Двухтомные "Разыскания в области литературы ХХ века" Николая Богомолова, "НЛО", 2021

Mar 25, 2022 02:00

В Советском Союзе «серебряным веком» занимались вот примерно как переводами с иностранных языков для расширения границ возможного.
Репетитор по английскому, готовившая меня к экзаменам, никогда не бывала в Англии.
Обладая идеальным оксфордским, она видела сны на английском, а еще каждые полгода ставила со студентами спектакли по Шекспиру и Уайльду.
Короче, сублимировала как могла.

В каждой интеллигентской библиотеке как столп и утверждение истины стояли три собрания сочинений «поэтов серебряного века», лишь по касательной цеплявшие коренные интересы внутренних эмигрантов: Брюсов, Блок и Маяковский.
Мне они казались априори прохладными авторами, выстуженными изнутри академическими подходами.
Тогда я еще не понимал, что петитная часть примечаний, нависавших над «корпусом основных текстов», не просто кормила, но спасала поколения узкоколейщиков, жизни положивших на «образ Родины в стихах крестьянских поэтов круга Спиридона Дрожжина».
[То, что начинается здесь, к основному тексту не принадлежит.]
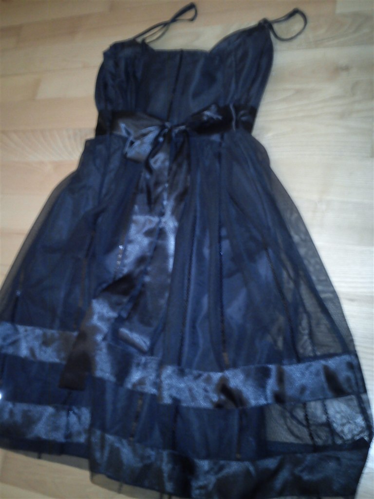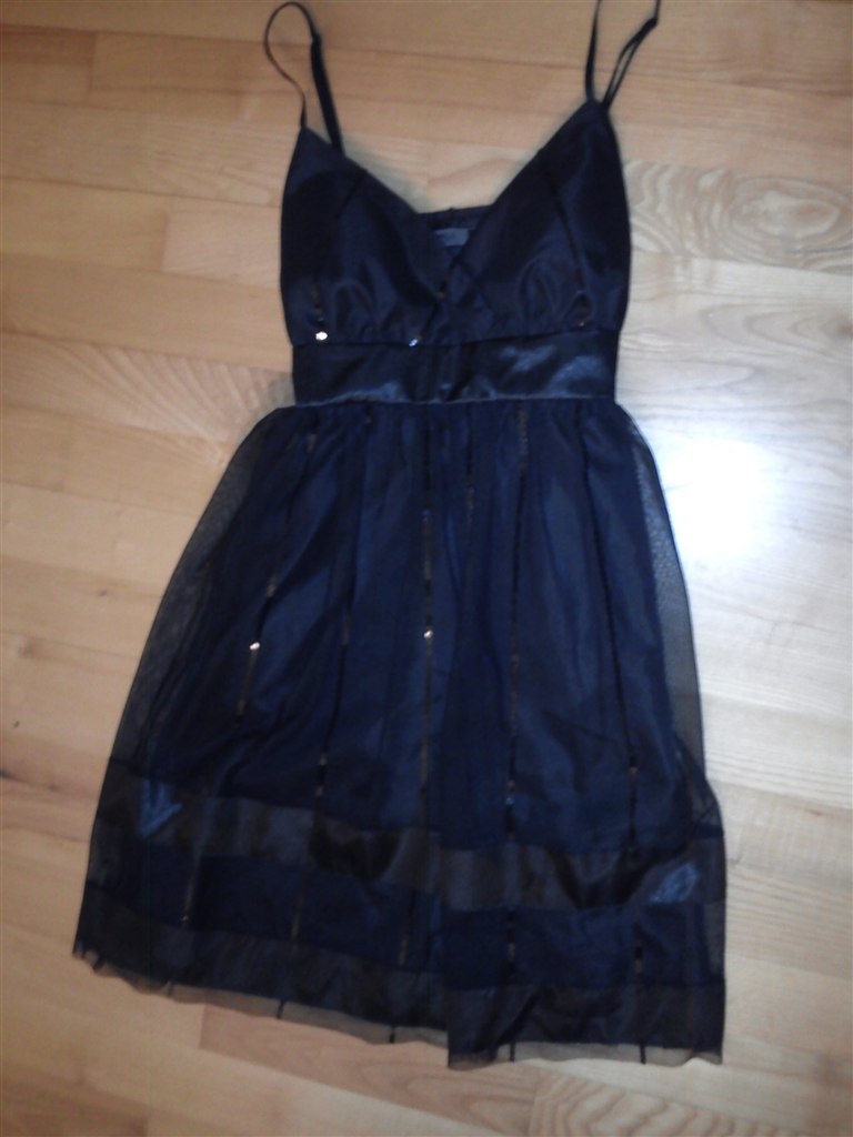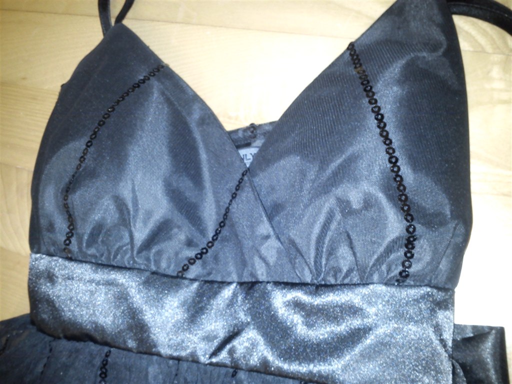 Den har sorte palietter ned langs siden og en sløjfe i livet som man kan binde bag på.

До занятий какой-нибудь безыдейной Еленой Гуро нужно было еще дослужиться: Лидия Яковлевна Гинзбург неслучайно большую часть жизни занималась Герценым, революционные заслуги которого, отмеченные Лениным (фрагменты его статьи «Памяти Герцена» меня заставляли в школе заучивать наизусть, о чем, между прочим, я совершенно не жалею), позволяли ей заниматься «промежуточными жанрами», зацепившись за странное композиционное решение «Былого и дум».
Предметы двойного назначения, впрочем, были особой специализацией советской экономики.
Не зря же после развала совка совсем пропали (вытесненные спагетти) макароны, изготавливаемые на тех же станках, что и стволы.

Блок был принят большевиками за «Русь-жену», «Скифы» и, разумеется, за «Двенадцать», тоже ведь поэму с двойными, прямо противоположными прочтениями.
«Гений труда» Брюсов пришёлся к двору из-за своего нескончаемого административного восторга, позволявшего ему институализироваться при любой власти.
Это теперь он, впрочем как и Вяч. Иванов, кажется высохшим изнутри, окончательно мумифицированным и интересным чисто для галочки всеведенья, а тогда, как показывают многочисленные публикации, разысканные и собранные Николаем Богомоловым, брюсовский культ существовал вполне автономно от его носителя.
Советские инстанции видели их «осколками старого мира» и «иностранными спецами», перешедшими на нашу сторону, тогда как антисоветски настроенные отщепенцы чтили их отцами-основателями символизма или же младосимволистами.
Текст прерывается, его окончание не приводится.